Bevor der Rückblick auf das Jahr 2018 begann, bedankte sich Marco Waßmann bei den Kameradinnen und Kameraden der Einsatzleitungen und bei Kreisbrandmeister Kühle für die gute Zusammenarbeit und die Unterstützung für die Einheit. Unter Kühles Führung wurden die Technischen Einsatzleitungen stets mit den notwendigen Mitteln für eine erfolgreiche Bearbeitung von komplexen Einsatzlagen ausgestattet. Hierunter fällt die Erneuerung des gesamten Fuhrparks.

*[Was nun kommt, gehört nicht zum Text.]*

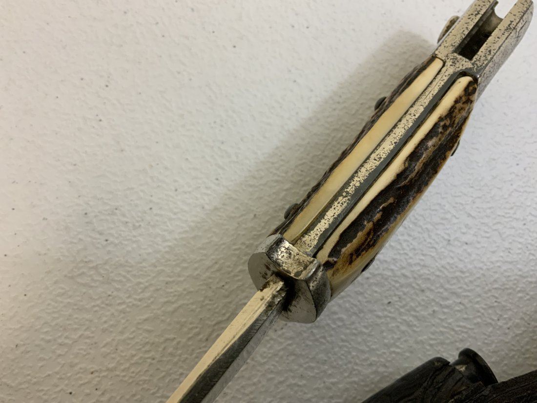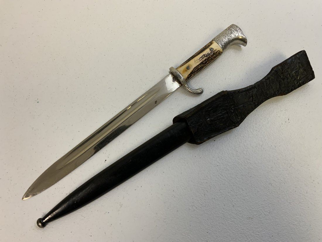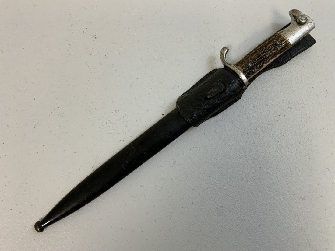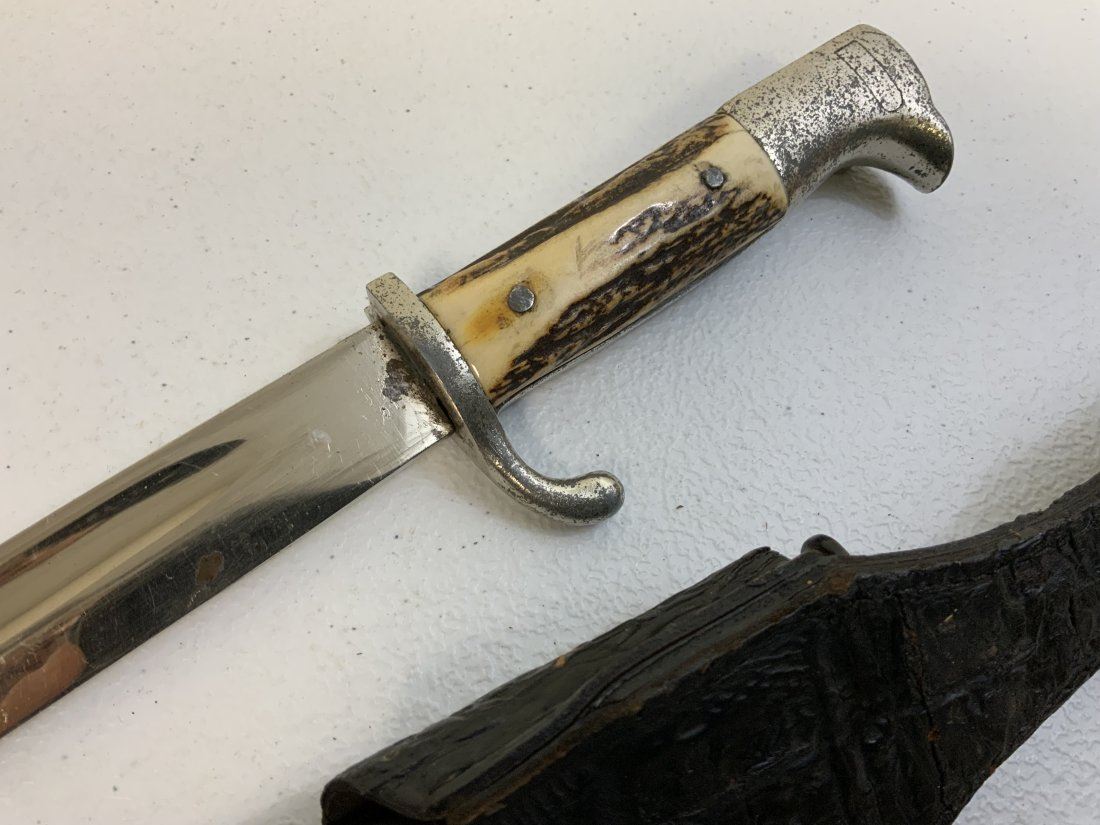 THIRD REICH GERMANY STAG GRIPS PARADE DRESS BAYONET WITH LEATHER FROG. WELL USED BUT STILL IN GOOD CONDITION OVERALL. UNMARKED BLADE . NICE THICK REAL STAG GRIPS .
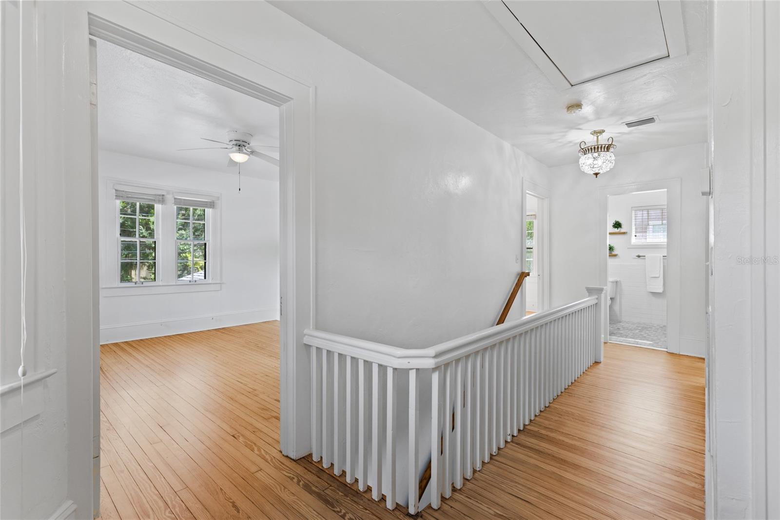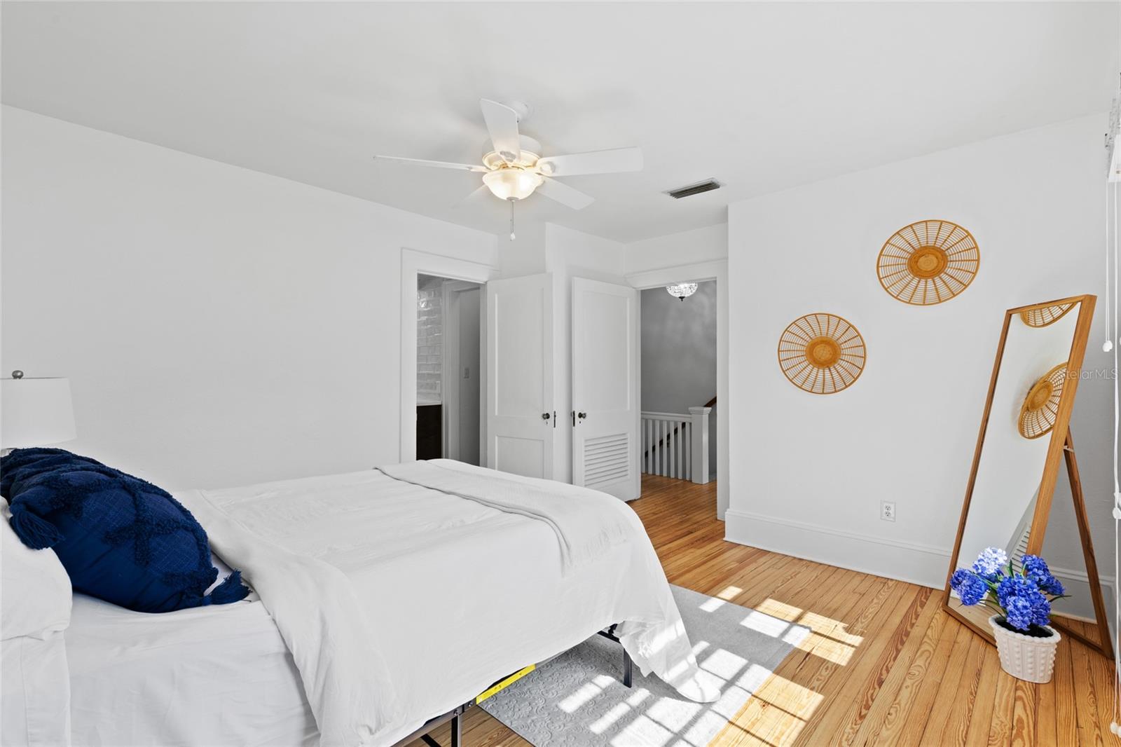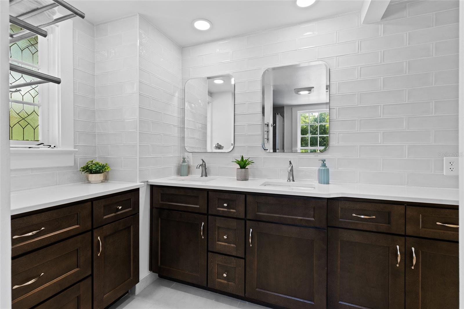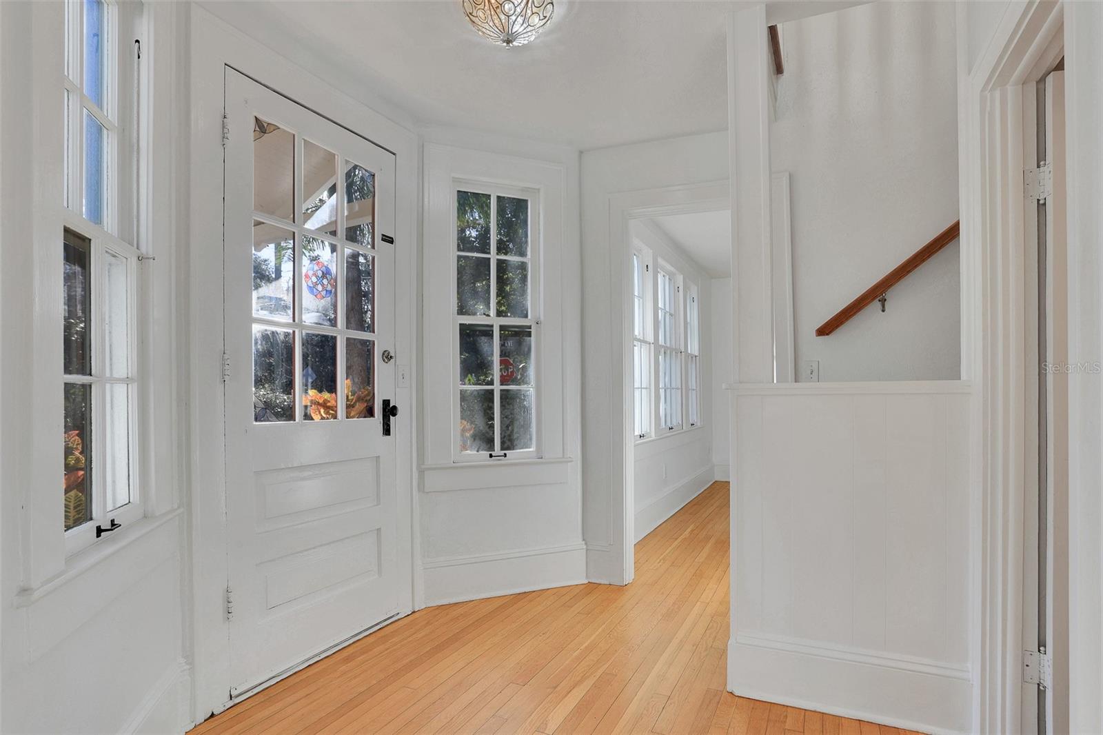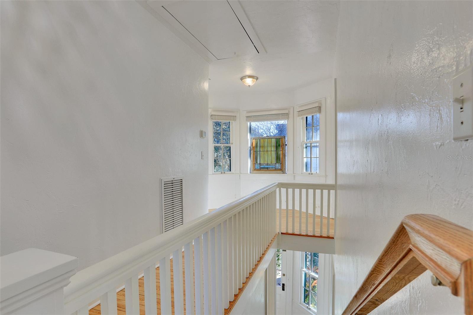 Fully-restored gem in the heart of the Duckpond neighborhood. This special home has been transformed with major renovations that include two new HVAC units in 2022, new roof in 2021, fully updated plumbing in 2023, updated electrical, and interior and exterior painting. Built in 1935, historic charm abounds with beautiful windows that allow light to flow into every room, high ceilings and refinished oak floors. The first story includes a living room with an updated fireplace, a renovated kitchen and attached dining area, a bonus room for an office and a half bath. The kitchen includes updated cabinetry, granite countertops, a subway tile backsplash and stainless steel appliances. The fenced backyard has a covered porch and plenty of room for gardening or a pool! The second story has three bedrooms and two bathrooms. The primary bedroom includes two good-sized closets and an updated bathroom from 2023 with custom cabinetry, a double vanity, tiled shower and solid surface countertops. The hall bathroom was updated in 2019 with a tile surround and vanity. The exterior was completely repainted in 2022 with meticulous attention to details like the restoration of every screen with a three-color palate. The large, double lot is stunning with a variety of native plantings, palms, fruit trees, a rose and herb garden, flowering camellias, azaleas and an irrigation system. Only steps away from the Thomas Center, you have access to the well-loved public gardens that host yoga and meditation workshops under gracious live oak trees. The south-facing entry is screened and includes a porch swing. The east side of the home includes an owners' entry through a private courtyard and a spacious two-car garage with plenty of space for two vehicles, storage and a workspace for projects. Walking distance to art galleries, farmers' markets, restaurants and all that downtown Gainesville has to offer and only a short bike ride to the University of Florida. Rare opportunity to purchase a completely restored and move-in ready historic home!

Seinem Nachfolger, Marko de Klein, wünschte Waßmann eine glückliche Hand in seinem neuen Betätigungsfeld und entsprechende Unterstützung der TEL.

Einsätze und Dienste:

Im vergangenen Jahr fanden laut Dienstplan 71 Dienste statt. Hinzuzurechnen sind jedoch Einsätze, Übungen und diverse andere Dienste, welche sich erst nach Dienstplanerstellung ergeben hatten.

So wurden die Technischen Einsatzleitungen zu 24 Einsätzen alarmiert. Darunter befinden sich mehrere Personensuchen, Zimmerbrände, Gebäudebrände, Hochwasser- und Unwettereinsätze, der Moorbrand in Meppen und ein Massenanfall an Verletzten in Lauenberg sowie im Seniorenheim Paschenburg in Hardegsen.

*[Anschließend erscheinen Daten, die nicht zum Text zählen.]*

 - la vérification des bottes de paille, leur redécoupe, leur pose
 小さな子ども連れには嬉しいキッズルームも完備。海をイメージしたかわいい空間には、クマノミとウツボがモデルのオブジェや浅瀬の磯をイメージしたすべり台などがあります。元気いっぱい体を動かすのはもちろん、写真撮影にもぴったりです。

Zusätzlich wurde an Einsatzübungen „Wohnhausbrand“ in Northeim, eine 2-Tagesübung der Feuerwehrbereitschaft 2, einem Zugunglück in Wenzen und an einer Gefahrstoffübung im Landkreis Osterode teilgenommen.

Zusätzlich fanden mehrere Vorstellungen bei Ortsfeuerwehren, Tage der offenen Tür, u.a beim PS Depot Einbeck und beim Eulenfest in Einbeck, Unterstützung bei den Wettbewerben in Dassel, Teilnahme an Veranstaltungen von Feuerwehrbereitschaften 1, 2 und 4 sowie weitere Sitzungen und Veranstaltungen statt.

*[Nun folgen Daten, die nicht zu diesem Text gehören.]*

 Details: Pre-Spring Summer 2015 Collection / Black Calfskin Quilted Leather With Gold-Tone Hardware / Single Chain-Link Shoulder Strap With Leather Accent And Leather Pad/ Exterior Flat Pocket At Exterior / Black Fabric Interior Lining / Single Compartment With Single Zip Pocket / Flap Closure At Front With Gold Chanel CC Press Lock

Mitgliederstärke zum 31. Dezember (Vorjahr):

TEL Bad Gandersheim: 27 (23)

TEL Einbeck: 21 (19)

TEL Northeim: 20 (17)

Gesamtstärke: 68 (59)

Beförderungen:

Auch dieses Jahr wurden wieder Kameraden durch langjährige Mitgliedschaft und bestehen der erforderlichen Lehrgänge befördert.

Jens Kruse, Löschmeister

Dirk Scharfe, Oberlöschmeister

Lehrgänge:

Auch im Jahr 2018 wurden wieder Lehrgänge besucht. Folgende konnten einen Lehrgang besuchen:

Jannick Koffre                   (Gruppenführer 1+2)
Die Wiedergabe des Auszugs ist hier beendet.